**Work order:**
Of the records that follow, copy only the lines from the line containing "3 layer glass" to the line containing "สอบถามเพิ่มเติม | จอง |", both included, exactly as written.

(Dataset items)
━━━━━━━━━━━━━━━━━━━━━━━━━━━━━━
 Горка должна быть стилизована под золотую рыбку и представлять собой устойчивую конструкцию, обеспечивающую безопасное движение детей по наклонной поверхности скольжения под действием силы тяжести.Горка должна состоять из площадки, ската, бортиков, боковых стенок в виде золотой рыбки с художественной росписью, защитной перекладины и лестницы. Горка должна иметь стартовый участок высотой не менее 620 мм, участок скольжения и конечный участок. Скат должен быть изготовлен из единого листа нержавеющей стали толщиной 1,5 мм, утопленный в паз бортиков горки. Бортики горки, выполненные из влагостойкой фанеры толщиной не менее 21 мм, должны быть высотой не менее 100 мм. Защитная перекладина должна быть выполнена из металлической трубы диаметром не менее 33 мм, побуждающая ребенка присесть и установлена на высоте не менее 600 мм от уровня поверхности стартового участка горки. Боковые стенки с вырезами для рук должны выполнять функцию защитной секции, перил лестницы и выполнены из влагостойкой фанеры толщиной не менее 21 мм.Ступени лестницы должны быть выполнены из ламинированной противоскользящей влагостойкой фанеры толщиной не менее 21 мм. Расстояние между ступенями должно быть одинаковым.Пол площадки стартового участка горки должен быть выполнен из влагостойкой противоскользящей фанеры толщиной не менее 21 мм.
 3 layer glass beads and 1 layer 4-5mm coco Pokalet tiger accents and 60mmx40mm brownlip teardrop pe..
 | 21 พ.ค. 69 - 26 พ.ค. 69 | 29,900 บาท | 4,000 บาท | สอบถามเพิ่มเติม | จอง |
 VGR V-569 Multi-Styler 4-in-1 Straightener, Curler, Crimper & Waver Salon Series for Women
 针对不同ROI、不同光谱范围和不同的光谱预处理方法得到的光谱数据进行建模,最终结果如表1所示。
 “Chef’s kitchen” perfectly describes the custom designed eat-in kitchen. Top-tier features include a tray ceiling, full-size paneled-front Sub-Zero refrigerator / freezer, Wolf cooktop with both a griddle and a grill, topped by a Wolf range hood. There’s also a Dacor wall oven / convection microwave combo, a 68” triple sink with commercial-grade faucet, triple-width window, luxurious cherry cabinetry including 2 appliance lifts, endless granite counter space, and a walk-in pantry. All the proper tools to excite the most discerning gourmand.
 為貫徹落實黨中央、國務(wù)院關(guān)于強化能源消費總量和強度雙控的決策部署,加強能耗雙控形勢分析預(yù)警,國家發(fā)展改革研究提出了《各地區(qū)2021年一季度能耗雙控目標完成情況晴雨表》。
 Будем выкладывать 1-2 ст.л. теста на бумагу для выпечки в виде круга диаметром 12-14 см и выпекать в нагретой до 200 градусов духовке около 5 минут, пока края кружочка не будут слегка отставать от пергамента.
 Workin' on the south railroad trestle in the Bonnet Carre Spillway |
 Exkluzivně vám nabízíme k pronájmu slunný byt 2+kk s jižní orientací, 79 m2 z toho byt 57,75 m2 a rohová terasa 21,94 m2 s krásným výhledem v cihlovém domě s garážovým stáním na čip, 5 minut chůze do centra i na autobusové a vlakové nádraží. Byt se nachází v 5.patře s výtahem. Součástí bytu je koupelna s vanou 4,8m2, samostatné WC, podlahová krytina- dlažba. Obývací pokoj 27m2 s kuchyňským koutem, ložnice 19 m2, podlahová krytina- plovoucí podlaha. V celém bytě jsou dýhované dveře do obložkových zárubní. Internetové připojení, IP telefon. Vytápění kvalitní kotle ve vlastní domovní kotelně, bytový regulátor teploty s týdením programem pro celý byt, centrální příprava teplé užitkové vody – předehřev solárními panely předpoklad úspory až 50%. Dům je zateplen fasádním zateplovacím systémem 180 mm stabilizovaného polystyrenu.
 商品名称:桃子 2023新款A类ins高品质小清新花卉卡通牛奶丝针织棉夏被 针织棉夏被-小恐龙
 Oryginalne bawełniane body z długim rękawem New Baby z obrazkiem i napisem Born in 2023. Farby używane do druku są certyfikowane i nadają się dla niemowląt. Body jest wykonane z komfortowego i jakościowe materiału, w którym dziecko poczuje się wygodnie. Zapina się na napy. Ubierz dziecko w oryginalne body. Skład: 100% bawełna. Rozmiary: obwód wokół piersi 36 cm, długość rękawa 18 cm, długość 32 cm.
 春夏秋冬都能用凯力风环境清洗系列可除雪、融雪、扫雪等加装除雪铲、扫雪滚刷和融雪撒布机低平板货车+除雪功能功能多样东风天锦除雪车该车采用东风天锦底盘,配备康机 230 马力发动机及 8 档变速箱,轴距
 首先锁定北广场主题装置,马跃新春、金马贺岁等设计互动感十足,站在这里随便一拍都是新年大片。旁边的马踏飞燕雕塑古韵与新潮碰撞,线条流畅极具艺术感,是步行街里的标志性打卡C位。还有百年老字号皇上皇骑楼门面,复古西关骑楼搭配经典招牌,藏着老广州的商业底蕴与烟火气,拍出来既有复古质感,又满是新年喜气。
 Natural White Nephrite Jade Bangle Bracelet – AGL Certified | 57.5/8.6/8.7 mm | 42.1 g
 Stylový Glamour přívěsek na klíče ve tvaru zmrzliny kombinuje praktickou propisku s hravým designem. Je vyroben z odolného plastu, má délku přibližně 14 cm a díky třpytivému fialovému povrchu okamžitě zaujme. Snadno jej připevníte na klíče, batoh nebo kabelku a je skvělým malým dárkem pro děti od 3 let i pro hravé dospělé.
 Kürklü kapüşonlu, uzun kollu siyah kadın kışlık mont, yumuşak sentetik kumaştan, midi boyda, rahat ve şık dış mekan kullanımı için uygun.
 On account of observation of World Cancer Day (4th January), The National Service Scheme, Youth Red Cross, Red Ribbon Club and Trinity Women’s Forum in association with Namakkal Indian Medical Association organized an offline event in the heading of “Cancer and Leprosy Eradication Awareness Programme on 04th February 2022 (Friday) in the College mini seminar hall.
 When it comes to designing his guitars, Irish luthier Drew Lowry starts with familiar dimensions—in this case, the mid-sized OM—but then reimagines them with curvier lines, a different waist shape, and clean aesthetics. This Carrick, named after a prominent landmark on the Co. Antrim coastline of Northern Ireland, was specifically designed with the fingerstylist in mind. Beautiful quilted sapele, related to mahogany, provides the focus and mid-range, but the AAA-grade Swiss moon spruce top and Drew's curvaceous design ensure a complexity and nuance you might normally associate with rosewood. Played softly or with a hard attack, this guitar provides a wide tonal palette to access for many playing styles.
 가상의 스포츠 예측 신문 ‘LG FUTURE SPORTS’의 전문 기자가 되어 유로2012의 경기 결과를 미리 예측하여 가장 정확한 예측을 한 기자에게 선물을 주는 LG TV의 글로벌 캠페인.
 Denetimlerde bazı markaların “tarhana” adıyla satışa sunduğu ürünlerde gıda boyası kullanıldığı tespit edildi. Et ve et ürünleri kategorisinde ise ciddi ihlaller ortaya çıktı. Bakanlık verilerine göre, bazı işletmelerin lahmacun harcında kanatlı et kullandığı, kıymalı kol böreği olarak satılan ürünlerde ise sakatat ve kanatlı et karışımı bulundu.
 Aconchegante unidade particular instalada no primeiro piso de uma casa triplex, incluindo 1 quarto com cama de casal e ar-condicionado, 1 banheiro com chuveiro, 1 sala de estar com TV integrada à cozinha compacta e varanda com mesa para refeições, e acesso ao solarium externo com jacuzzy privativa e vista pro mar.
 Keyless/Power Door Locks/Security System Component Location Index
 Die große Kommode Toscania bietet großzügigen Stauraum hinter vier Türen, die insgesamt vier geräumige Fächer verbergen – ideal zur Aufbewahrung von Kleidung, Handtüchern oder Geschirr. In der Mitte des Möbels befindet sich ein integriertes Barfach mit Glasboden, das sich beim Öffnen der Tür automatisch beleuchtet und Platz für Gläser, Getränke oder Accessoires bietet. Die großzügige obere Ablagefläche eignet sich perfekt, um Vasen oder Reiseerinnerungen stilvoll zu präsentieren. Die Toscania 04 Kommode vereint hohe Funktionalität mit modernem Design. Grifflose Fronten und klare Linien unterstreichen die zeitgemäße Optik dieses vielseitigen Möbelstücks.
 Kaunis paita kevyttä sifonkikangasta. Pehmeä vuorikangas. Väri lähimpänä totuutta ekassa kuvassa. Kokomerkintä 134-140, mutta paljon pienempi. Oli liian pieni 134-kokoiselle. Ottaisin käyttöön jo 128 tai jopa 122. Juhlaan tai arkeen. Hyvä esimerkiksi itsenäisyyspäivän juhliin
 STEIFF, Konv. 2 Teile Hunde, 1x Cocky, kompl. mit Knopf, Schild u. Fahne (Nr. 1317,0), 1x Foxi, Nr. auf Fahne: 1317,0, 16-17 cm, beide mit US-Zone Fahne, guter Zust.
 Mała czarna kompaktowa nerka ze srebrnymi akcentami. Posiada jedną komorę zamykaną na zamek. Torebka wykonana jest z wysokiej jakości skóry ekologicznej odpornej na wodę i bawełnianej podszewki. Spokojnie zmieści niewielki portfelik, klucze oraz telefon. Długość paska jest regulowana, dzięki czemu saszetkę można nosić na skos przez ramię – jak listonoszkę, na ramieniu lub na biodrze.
━━━━━━━━━━━━━━━━━━━━━━━━━━━━━━
**Solution:**
 3 layer glass beads and 1 layer 4-5mm coco Pokalet tiger accents and 60mmx40mm brownlip teardrop pe..
 | 21 พ.ค. 69 - 26 พ.ค. 69 | 29,900 บาท | 4,000 บาท | สอบถามเพิ่มเติม | จอง |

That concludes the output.